*PROBLEM DETAILS*:
Among the entries that follow, locate the line with "变成了M*k,其中k为 共享权值的组数,为了让网络的结构与aNMM-1 尽可能相似,aNMM-2" and the line with "Автобус передвигался по". Output those lines and all lines in between, exactly, minus the pictures.
(RECORD EXCERPTS)
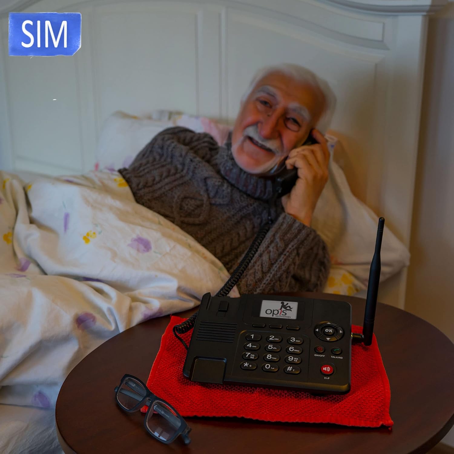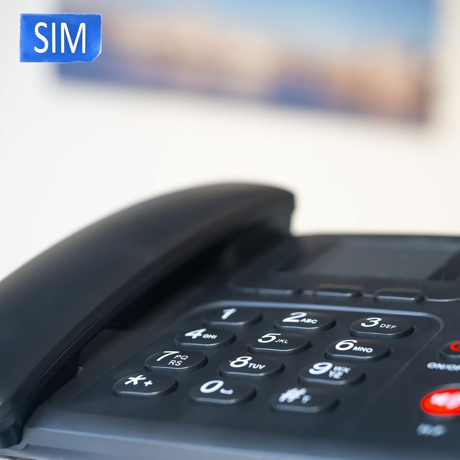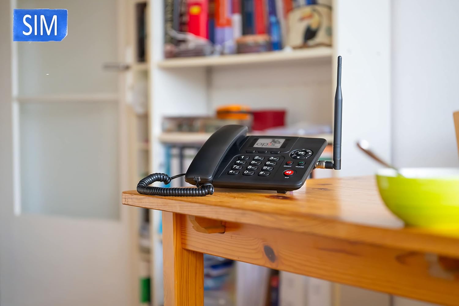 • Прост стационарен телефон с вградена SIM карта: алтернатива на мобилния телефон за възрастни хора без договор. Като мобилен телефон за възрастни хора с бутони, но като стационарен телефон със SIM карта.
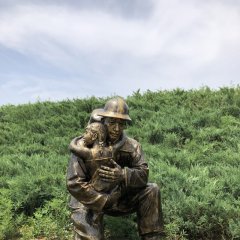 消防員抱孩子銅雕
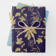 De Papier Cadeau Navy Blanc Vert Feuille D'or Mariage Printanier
(End RECORD EXCERPTS)
(RECORD EXCERPTS)
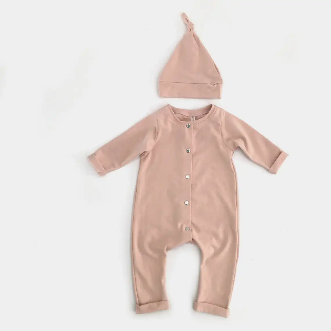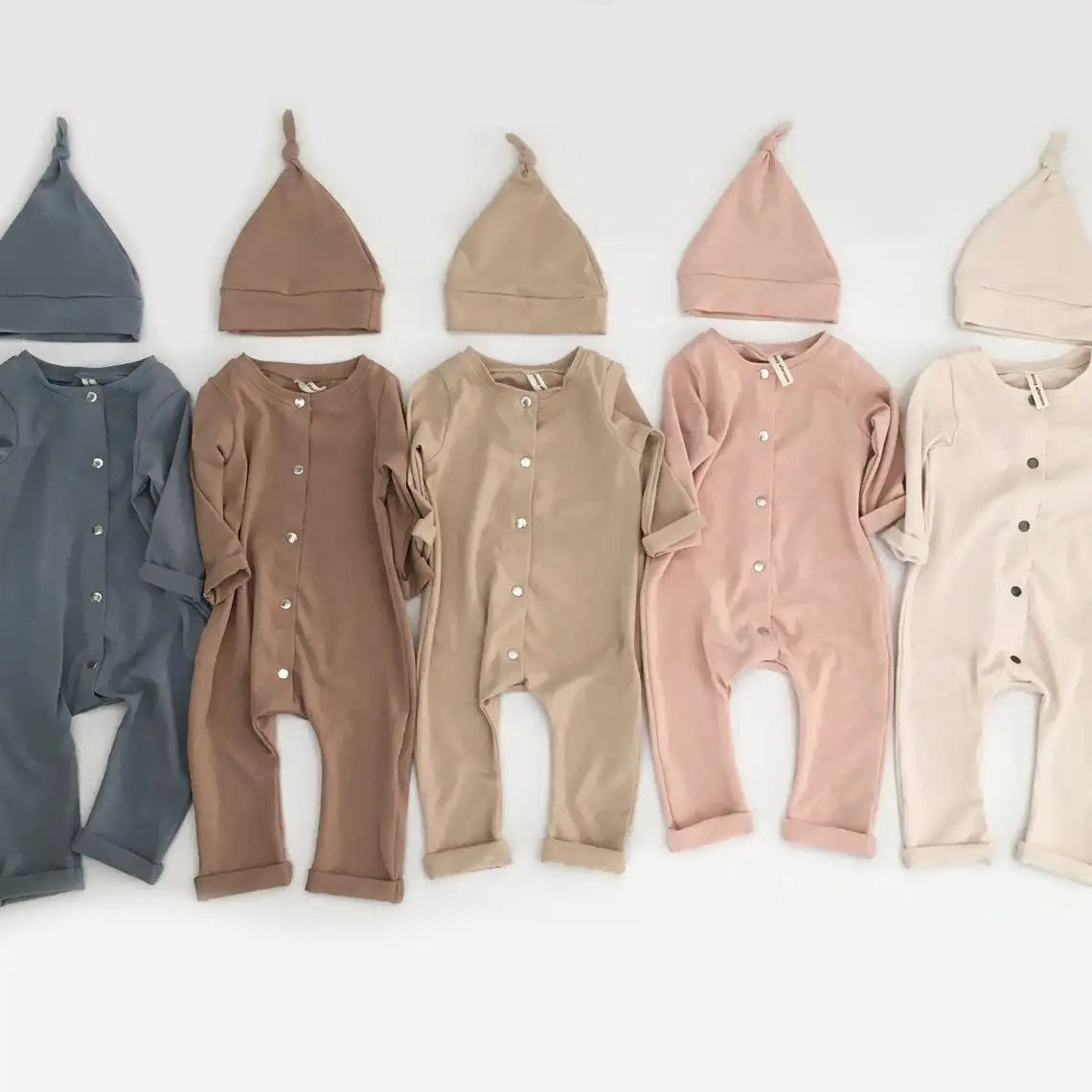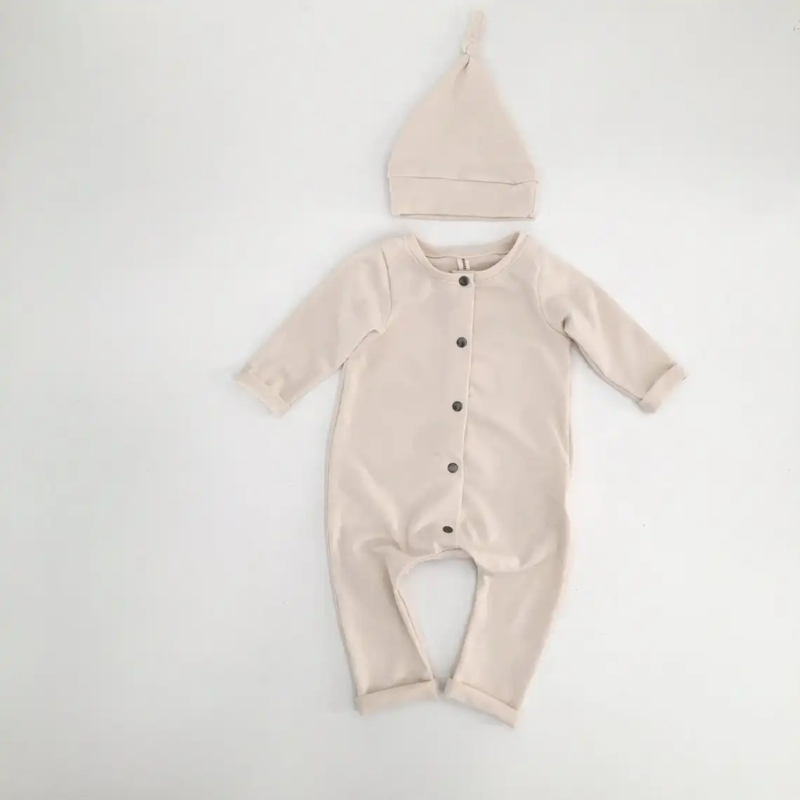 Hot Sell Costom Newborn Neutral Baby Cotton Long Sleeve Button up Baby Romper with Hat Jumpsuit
(End RECORD EXCERPTS)
(RECORD EXCERPTS)
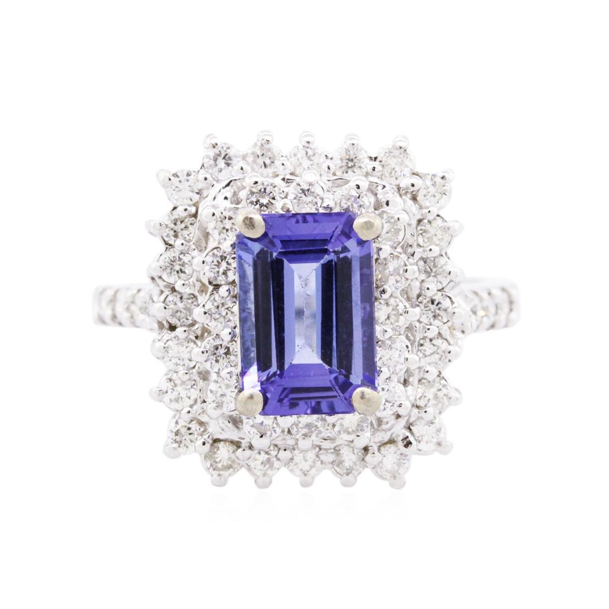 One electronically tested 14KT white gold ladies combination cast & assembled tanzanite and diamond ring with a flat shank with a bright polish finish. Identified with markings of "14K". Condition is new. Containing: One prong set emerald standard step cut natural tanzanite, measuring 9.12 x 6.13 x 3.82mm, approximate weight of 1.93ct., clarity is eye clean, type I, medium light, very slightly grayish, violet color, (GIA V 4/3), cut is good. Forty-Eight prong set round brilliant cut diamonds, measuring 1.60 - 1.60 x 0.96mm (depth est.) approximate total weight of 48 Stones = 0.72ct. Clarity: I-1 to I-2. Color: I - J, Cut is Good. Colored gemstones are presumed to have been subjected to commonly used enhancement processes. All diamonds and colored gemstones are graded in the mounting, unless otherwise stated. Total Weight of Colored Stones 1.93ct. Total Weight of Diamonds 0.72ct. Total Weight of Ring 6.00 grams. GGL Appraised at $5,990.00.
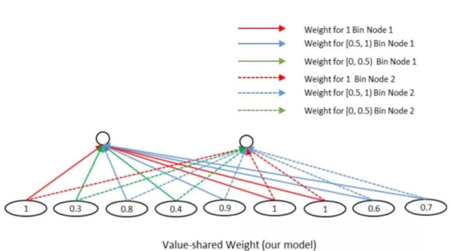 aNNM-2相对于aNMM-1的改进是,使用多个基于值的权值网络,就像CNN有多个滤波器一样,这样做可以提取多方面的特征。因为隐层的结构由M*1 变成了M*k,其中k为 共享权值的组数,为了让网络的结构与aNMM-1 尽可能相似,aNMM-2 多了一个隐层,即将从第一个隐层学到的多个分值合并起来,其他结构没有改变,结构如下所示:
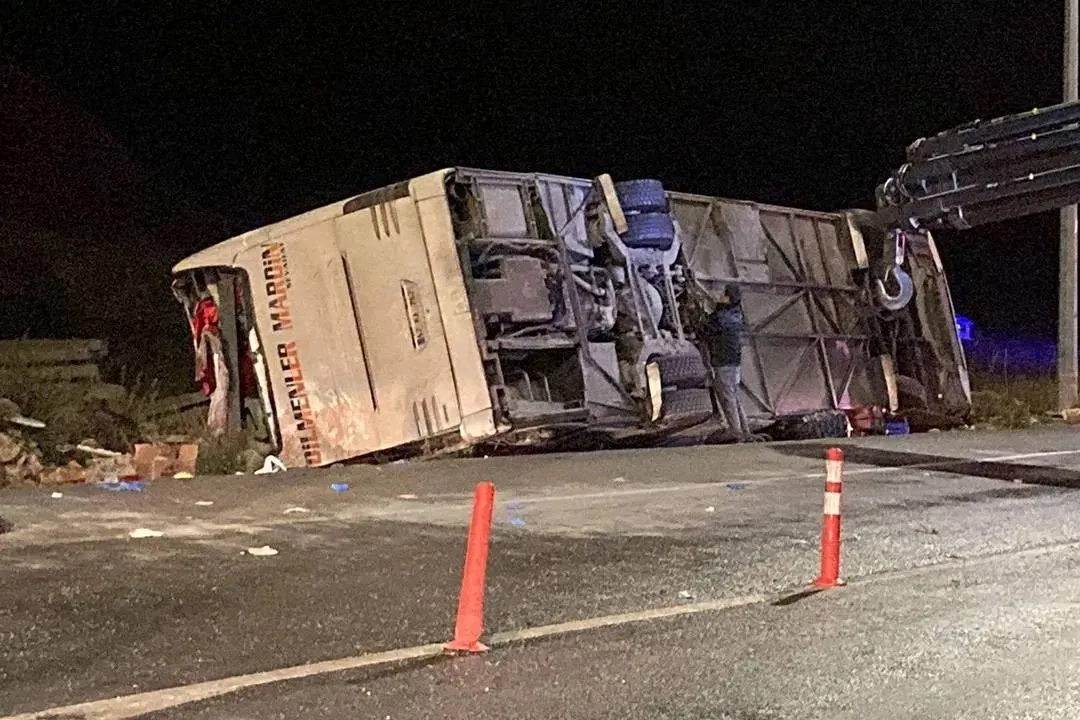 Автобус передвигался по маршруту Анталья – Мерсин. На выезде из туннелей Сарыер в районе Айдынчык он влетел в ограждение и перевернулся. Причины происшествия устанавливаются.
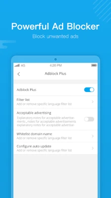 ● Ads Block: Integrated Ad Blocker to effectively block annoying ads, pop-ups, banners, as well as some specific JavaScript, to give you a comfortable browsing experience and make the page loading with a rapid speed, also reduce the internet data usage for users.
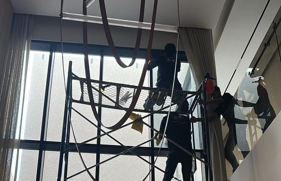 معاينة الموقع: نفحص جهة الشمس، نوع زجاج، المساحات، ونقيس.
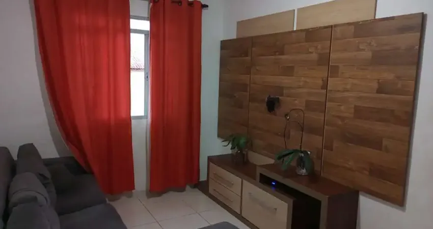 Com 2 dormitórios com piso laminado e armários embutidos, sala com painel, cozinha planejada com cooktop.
(End RECORD EXCERPTS)
*RESULT OF THE TASK*:
 aNNM-2相对于aNMM-1的改进是,使用多个基于值的权值网络,就像CNN有多个滤波器一样,这样做可以提取多方面的特征。因为隐层的结构由M*1 变成了M*k,其中k为 共享权值的组数,为了让网络的结构与aNMM-1 尽可能相似,aNMM-2 多了一个隐层,即将从第一个隐层学到的多个分值合并起来,其他结构没有改变,结构如下所示:
 Автобус передвигался по маршруту Анталья – Мерсин. На выезде из туннелей Сарыер в районе Айдынчык он влетел в ограждение и перевернулся. Причины происшествия устанавливаются.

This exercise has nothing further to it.